Leitartikel Die Linke beschert sich selbst schlechte Zeiten

Würde die Linke so kritisch beobachtet wie die AfD, es würde wohl viel öfter über ihre Intrigen, Verirrungen und Fehltritte geschrieben werden. Die vergangene Woche war wieder voll davon.

Keine gute Woche für die Linke – selbst verschuldet
Foto: SZ/Roby Lorenz

Zum Beispiel Verschwörungstheorien, die auch bei den Sozialisten weit verbreitet sind. Man muss nur Nato, BND (Bundesnachrichtendienst) oder MAD (Militärischer Abschirmdienst) sagen, und schon sprudeln sie hervor. Jan Korte, Linken-Fraktionsgeschäftsführer im Bundestag, ließ sich davon zu der steilen These verführen, der Ausfall von Kanzlerin Angela Merkels Regierungsflieger könne etwas mit „Netzwerken von Rechtsterroristen in der Bundeswehr bis in den MAD“ zu tun haben. Beweise? Null. Woanders würde eine Parteiführung so etwas wohl als sektiererisch rügen, hier lässt man es durchgehen.

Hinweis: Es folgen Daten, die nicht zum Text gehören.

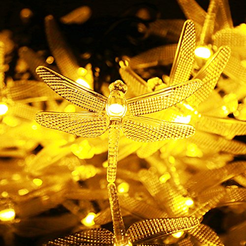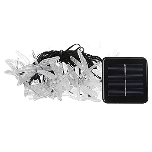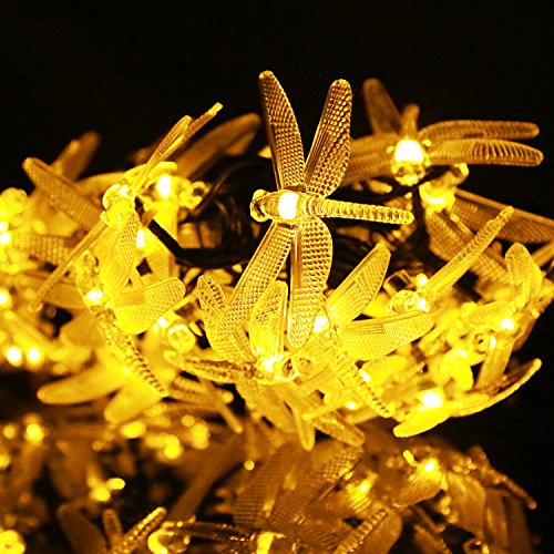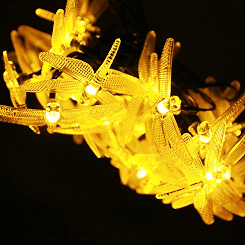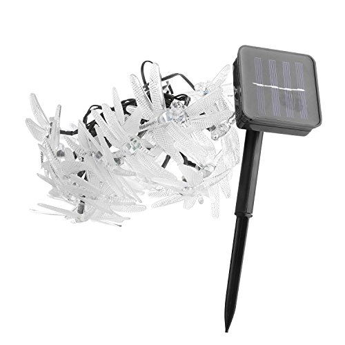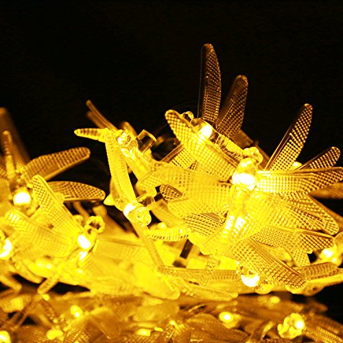 Kumedia Dragonfly Shape 19.7 ft 30 LEDs Solar Powered String Lights, Waterproof, 2 Modes (Steady, Flash) for Outdoor, Garden, Stage, Christmas Decorations (Warm White)
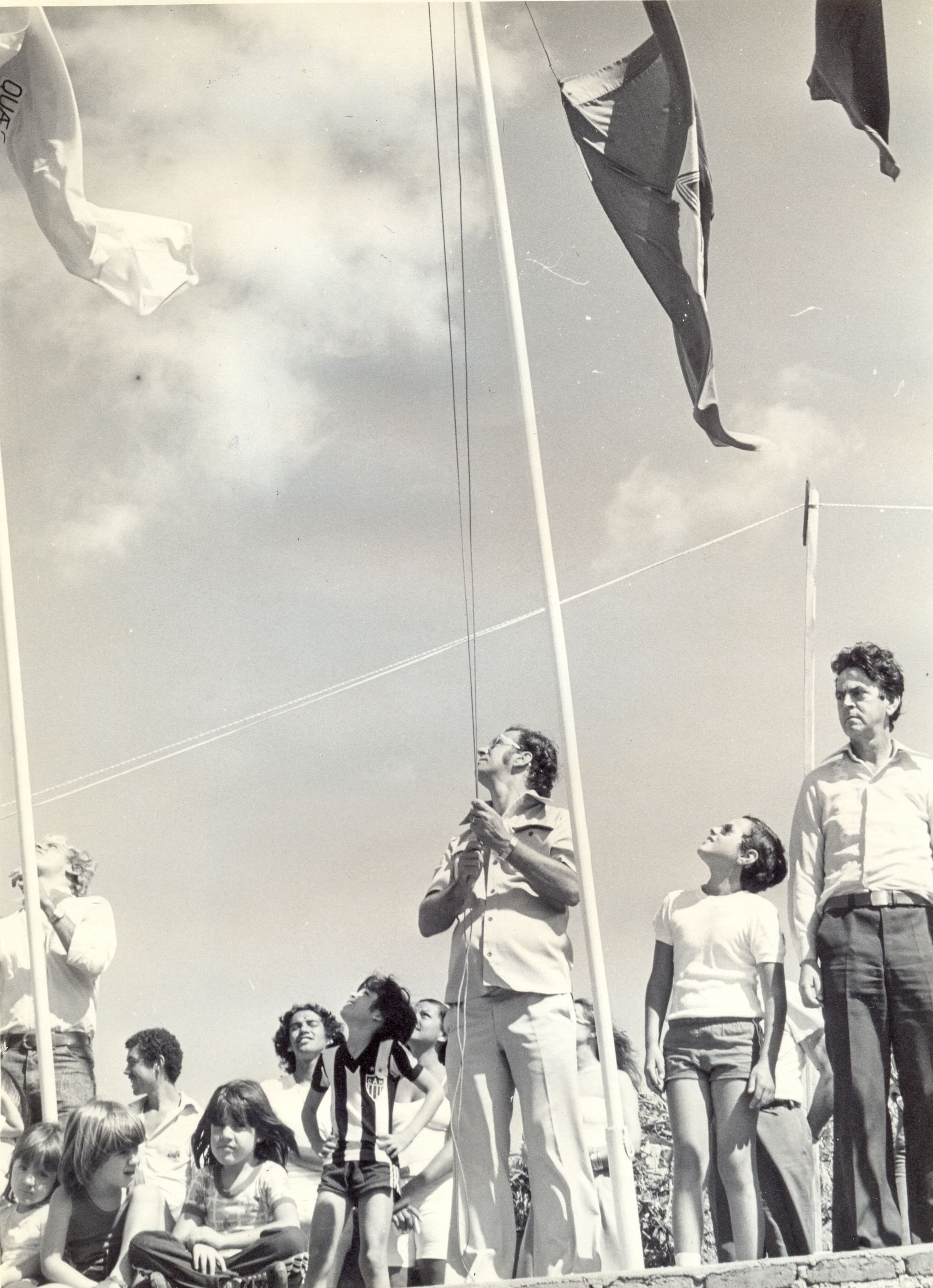 Alnir Marco Schreiber, hasteando a Bandeira, na inauguração do campo de futebol da Associação dos Empregados (AE) da Fundação João Pinheiro (FJP).

Zum Beispiel Ukraine-Russland-Konflikt. Zwar sind die Hintergründe des jüngsten Zwischenfalls auf dem Meer nicht vollständig aufgeklärt, doch Heike Hänsel, Fraktionsvize der Partei, wusste bald, dass „alles“ auf einen „innenpolitisch motivierten Willen zur Eskalation“ seitens der Ukraine deute. Sie warnte vor „einseitigen“ Sanktionen gegen Russland. Dietmar Bartsch, Fraktionsvorsitzender, äußerte sich dagegen viel zurückhaltender und neutraler. Hänsel wies aber auch er nicht zurecht. Lasst alle Blumen blühen, ist nämlich linke Lebensphilosophie.

Die Linke rangiert derzeit in den Umfragen in ihrem Stammgebiet, den neuen Bundesländern, überall hinter der AfD. In dreien davon wird im kommenden Jahr gewählt. Trotzdem leistet sie sich dies: Fünf Stunden Debatte bei einer Klausurtagung am vergangenen Freitag und keine Einigung beim Streitthema Migration. Dabei ist das im Osten ein Schlüsselthema. Der Konflikt mit Fraktionschefin Sahra Wagenknecht, die sich gegen „offene Grenzen“ ausgesprochen hatte, wurde mit Wortgirlanden umkränzt. Übrigens, dass ein Parteiführer nebenher zur Unterstützung der eigenen Position noch eine Privat-„Bewegung“ unterhält, wie Sahra Wagenknecht mit ihrer Plattform „Aufstehen“, gibt es in dieser Form nur noch bei den Rechtspopulisten. In Gestalt von AfD-Mann Björn Höckes Unterstützerkreis „Flügel“.

Hinzu kommen haarsträubende Fehler wie am vergangenen Donnerstag bei der Abstimmung über den UN-Migrationspakt im Bundestag. Entschieden wurde zwar nicht über den Pakt selbst, sondern über einen Entschließungsantrag der großen Koalition. In dem wurde das UN-Papier begrüßt, zugleich aber betont, dass es rechtlich nicht bindend sei. Dem muss man als Opposition nicht zustimmen, auch wenn man für den Migrationspakt ist. Grüne und FDP enthielten sich deshalb. Nicht so die Linke. Sie stimmte unter dem Hinweis darauf, dass sie einen eigenen Antrag mit dem Titel „Internationale Rechte für Migrantinnen und Migranten“ vorgelegt habe, geschlossen mit Nein. Wie sonst nur noch die AfD. Links und Rechts einig in Ablehnung, dieser Eindruck blieb.

Nein, es war wahrlich keine gute Woche für die deutsche Linke.